If you imagine a scenario where you have a GC with Brooks pointers that 
also uncommits memory (like Shenandoah I presume), then I imagine you 
would need something more here. If you start with a forwarding pointer 
load, then that can trap (which is probably caught by the exact PC 
match). But then there will be a subsequent load of the value in the 
to-space object, which will not be protected. But this is also loaded 
speculatively (as the subsequent safepoint counter check could 
invalidate the result), and could therefore crash the VM unless 
protected, as the signal handler code fails to recognize this is a 
speculative load from jni fast get field.

I imagine the solution to this would be to let speculative_load_pclist 
specify a range for fuzzy SIGSEGV matching in the signal handler, rather 
than an exact PC (i.e. speculative_load_pclist_start and 
speculative_load_pclist_end). That would give you enough freedom to use 
Brooks pointers in there. Sometimes I wonder if the lengths we go to 
maintain jni fast get field is *really* worth it.

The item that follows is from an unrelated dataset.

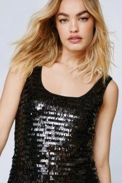 Squared off. Style our sequin mini dress with boots or heels and your fave evening bag.
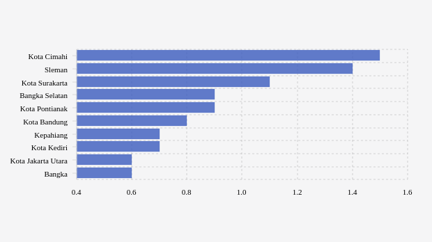 Penggunaan rawat inap lima kabupaten/kota teratas dengan angka lebih dari 0,89 pasien per 100 ribu penduduk/minggu, yaitu kota Cimahi, Sleman, kota Surakarta, Bangka Selatan dan kota Pontianak dengan masing-masing nilai 1,47 pasien per 100 ribu penduduk/minggu, 1,38 pasien per 100 ribu penduduk/minggu, 1,15 pasien per 100 ribu penduduk/minggu, 0,93 pasien per 100 ribu penduduk/minggu dan 0,89 pasien per 100 ribu penduduk/minggu.

> Unfortunately, I cannot really test it because of:
> http://mail.openjdk.java.net/pipermail/aarch64-port-dev/2018-May/005843.html

That is unfortunate. If I were you, I would not dare to change anything 
in jni fast get field without testing it - it is very error prone.

Thanks,
/Erik

> Roman
>
>
>> Hi Roman,
>>
>> Oh man, I was hoping I would never have to look at jni fast get field
>> again. Here goes...
>>
>>   93   speculative_load_pclist[count] = __ pc();   // Used by the
>> segfault handler
>>   94   __ access_load_at(type, IN_HEAP, noreg /* tos: r0/v0 */,
>> Address(robj, roffset), noreg, noreg);
>>   95
>>
>> I see that here you load straight to tos, which is r0 for integral
>> types. But r0 is also c_rarg0. So it seems like if after loading the
>> primitive to r0, the subsequent safepoint counter check fails, then the
>> code will revert back to a slowpath call, but this time with c_rarg0
>> clobbered, leading to a broken JNI env pointer being passed in to the
>> slow path C function. That does not seem right to me.
>>
>> This JNI fast get field code is so error prone. :(
>>
>> Unfortunately, the proposed API can not load floating point numbers to
>> anything but ToS, which seems like a problem in the jni fast get field
>> code.
>> I think to make this work properly, you need to load integral types to
>> result and not ToS, so that you do not clobber r0, and rely on ToS being
>> v0 for floating point types, which does not clobber r0. That way we can
>> dance around the issue for now I suppose.
>>
>> Thanks,
>> /Erik
>>
>> On 2018-05-14 22:23, Roman Kennke wrote:
>>> Similar to x86
>>> (http://mail.openjdk.java.net/pipermail/hotspot-dev/2018-May/032114.html)
>>> here comes the primitive heap access changes for aarch64:
>>>
>>> http://cr.openjdk.java.net/~rkennke/JDK-8203172/webrev.00/
>>>
>>> Some notes:
>>> - array access used to compute base_obj + index, and then use indexed
>>> addressing with base_offset. This means we cannot get base_obj in the
>>> BarrierSetAssembler API, but we need that, e.g. for resolving the target
>>> object via forwarding pointer. I changed (base_obj+index)+base_offset to
>>> base_obj+(index+base_offset) in all the relevant places.
>>>
>>> - in jniFastGetField_aarch64.cpp, we are using a trick to ensure correct
>>> ordering field-load with the load of the safepoint counter: we make them
>>> address dependend. For float and double loads this meant to load the
>>> value as int/long, and then later moving those into v0. This doesn't
>>> work when going through the BarrierSetAssembler API: it loads straight
>>> to v0. Instead I am inserting a LoadLoad membar for float/double (which
>>> should be rare enough anyway).
>>>
>>> Other than that it's pretty much analogous to x86.
>>>
>>> Testing: no regressions in hotspot/tier1
>>>
>>> Can I please get a review?
>>>
>>> Thanks, Roman
>>>
>